Аполлоновскими катартическими дарованиями наделялись его служители и пророки. Эсхил в трагедии «Просительницы» рассказывает историю Аппия, провидца и сына Феба, пришедшего некогда в Аргос и очистившего страну от чудовищ и скверны: «Сын Аполлона, Апий, вещий знахарь был; // Пришел же от Навпакта и страну сию // Избавил от чудовищ, людям пагубных: // В отмщенье древней крови родила Земля, // Запятнана убийством, скверн исчадие — // Немилостивых змиев, злых сожителей. // Он силой врачеваний очистительных // Умилостивил Землю и Аргивян спас…»

Более всех служителей Феба в греко-римском мире почитался другой его сын — Асклепий. С ним связывалось создание искусства врачевания. Воспевая Асклепия в третьей «Пифийской песни», Пиндар, в частности, говорит: «Он разрешал их страсти, изымал из мучений, // Одних обхаживал мягкими запевами, // Других миротворным питьем // Или снадобьем, обхватывающим рану, // А иных спасал ножевой разрез». Не был он чужд и провидческому дару, так что Макробий в «Сатурналиях» даже уверяет, что Асклепий — это сам Аполлон «не только потому, что происходит от него, но и по причине того, что ему также присуща мантическая способность». Прозванный Сотером — Спасителем, после своей смерти Асклепий был обожествлен. В его святилищах — асклепионах жрецы исцеляли страждущих, следуя его воле. Больной человек должен был провести ночь в храме и видеть сны; на основании его сновидения, в котором усматривалось сообщение от самого божества, жрецы назначали ему лечение.

Страждущие люди обращались со своими проблемами к Аполлону и его служителям, доверяя им свои самые сокровенные помыслы. Забавно в этой связи читать о досаде жреца храма Аполлона в Дельфах Плутарха, сетовавшего в трактате «Об угасании оракулов» на то, что люди говорят с богом о своих повседневных трудностях и недугах вместо того, чтобы говорить о чем-то великом: «Ведь все заболевания души, все страсти, которые перед почтенным человеком прилично скрыть и отрицать, богу подносят в голом, неприкрытом виде».

Сопряженный с различного рода катартическими практиками, культ Аполлона, как отмечалось выше, воспринял в себя и архаические экстатические ритуалы, связанные с женскими хтоническими божествами и Дионисом.

Посвященный в мистерии автор упомянутого выше Орфического гимна Аполлону, называет бога не только Спасителем, вещим Дельфийцем, Мусагетом и светоносным богом, но и неистовым, Бакхием и даже Паном. Такое обращение к Фебу отразило реальную мистериальную практику, связанную с его образом и включавшую в себя различного рода экстатические техники.

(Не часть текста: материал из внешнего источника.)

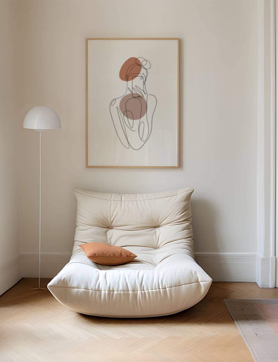 Minimalist Muse er essensen af minimalisme, hvor hver linje og hver farve har betydning. Denne plakat skaber en rolig og afklaret atmosfære, perfekt for det moderne hjem.

Павсаний в десятой книге «Описания Эллады» говорит, что на вершине Парнаса вакханки «совершают свои иступленные оргии в честь Диониса и Аполлона». У Софокла хор в «Трахинянках» воспевает Аполлона с экстатическим восторгом «безумной пляски, вакховой пляски». Поясняя значение слова Thyos — Буйный, Гесихий приводит пример: «Аполлон (Буйный) почитается в Милете».

Все тот же Аристотель, который, если верить Макробию, полагал, что Дионис и Аполлон — один и тот же бог, в восьмой книге «Политики» описал катартический эффект религиозных песнопений, практиковавшихся как в культе хтонических женских божеств, так и в культе Аполлона: «И энтузиастическому возбуждению подвержены некоторые люди, впадающие в него, как видим, под влиянием религиозных песнопений, когда эти песнопения действуют возбуждающим образом на душу и приносят как бы исцеление (iatreia) и очищение (katharsis). То же самое неизбежно испытывают и те, кто подвержен состоянию жалости и страха и вообще всякого рода переживания, — такое переживание свойственно всякому; все такие люди получают некое очищение и облегчение, связанное с удовольствием; точно так же песнопения очистительного характера доставляют людям безобидную радость».

Это аристотелевское объединение в одном понятии катарсиса самых разных психических переживаний (включая и эстетическую реакцию из его «Поэтики) стало причиной многовековой борьбы за очищение самого этого понятия. Бесконечные споры о том, что же в действительности понимал Аристотель под катарсисом, были столь же плодотворны, что и дзенские медитации над хлопком одной ладони — они будили мысль и воображение, но не более того. Эллин классической эпохи зачастую не видел тех психологических нюансов в разных видах катарсиса, а, следовательно, и противоречий в соответствующих их рефлексиях, которые констатирует в феномене катарсиса исследователь нового времени.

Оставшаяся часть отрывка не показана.